Hello , I have been having trouble with understanding what to do with those ε-δ Limits that involve an extra "x" factor in the result, I'll just write out the problem and perhaps you could correct or instruct me on the logic behind it.

$\displaystyle \lim_{x \to 2}(x^2 + x - 2) = 4$

$\displaystyle 0 < |x - 2| < \delta \Rightarrow |(x^2 + x - 2) - 4| < \epsilon $

$\displaystyle 0 < |x - 2| < \delta \Rightarrow |x^2 + x - 6| < \epsilon $

$\displaystyle 0 < |x - 2| < \delta \Rightarrow |(x + 3)(x - 2)| < \epsilon $

$\displaystyle 0 < |x - 2| < \delta \Rightarrow |x + 3||x - 2| < \epsilon $

Here, I'm kind of confused. I've seen the best explanation so far here: Created with Camtasia Studio 5 & I'd like to follow the method to get everything in working order.

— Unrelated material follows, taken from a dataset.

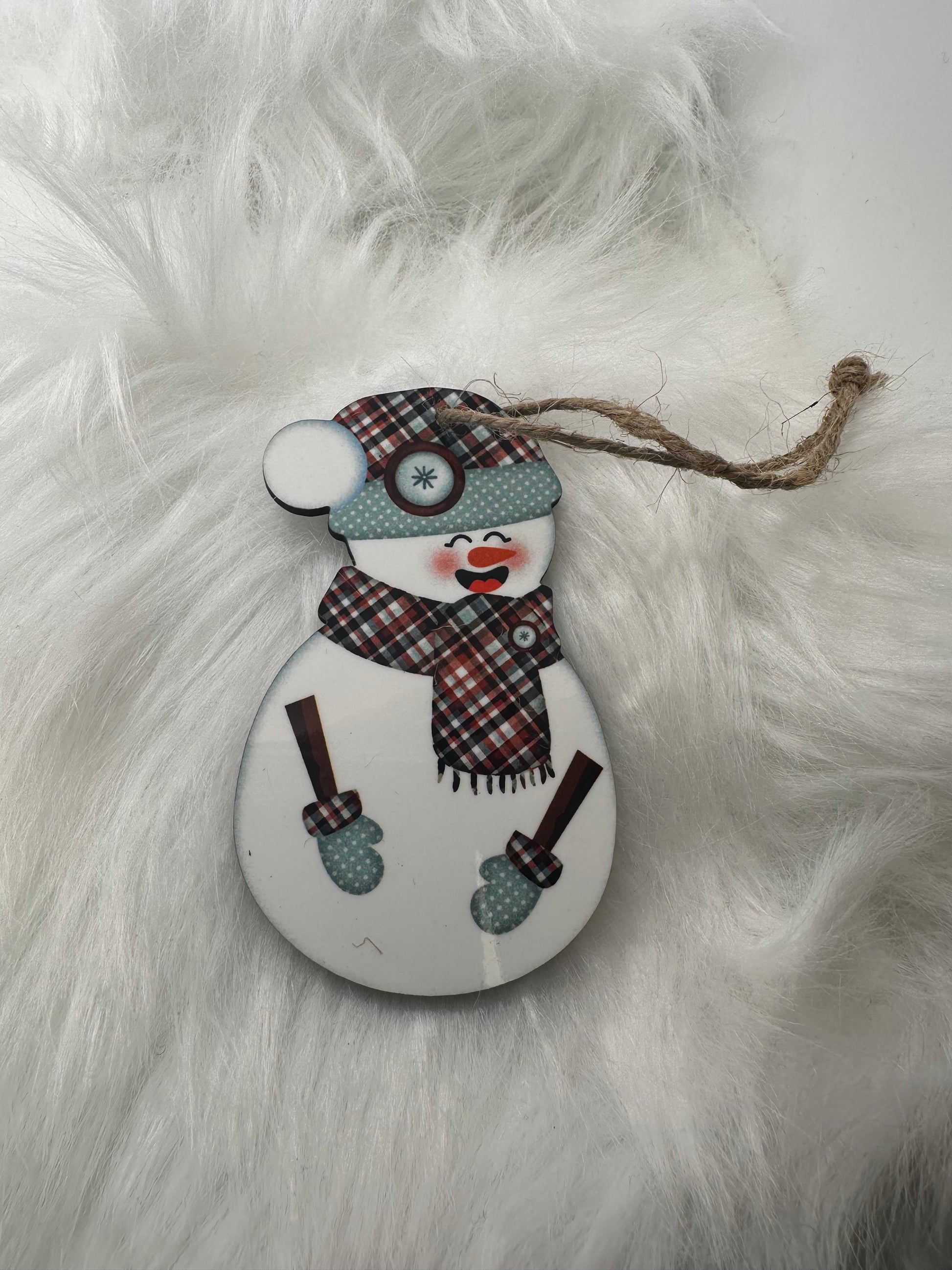 Snowman (Brown/Teal Plaid) Ornament

1:Because of the |x - 2|< δ, (i.e. the x-->2 in the original limit), we know that x is very close to 2, just a bit bigger than it. Because this is so the |x + 3| term is very close to 5, just a bit above it. In fact, it will definitely be less than 6.

We can say with confidence that;

|x + 3||x - 2| < 6|x - 2|

2:Here I'm a bit unsure, can we say that;

6|x - 2| < ε

|x - 2|< ε/6 ? I think this works because although the gap from. say, 5.0000001 to being less than 6 (from the inequality) is big, when we divide ε by 6 we are creating more space.

3:Is there a way to make it look pretty? Is the answer that as long as δ = ε/6 we can guarantee the limit?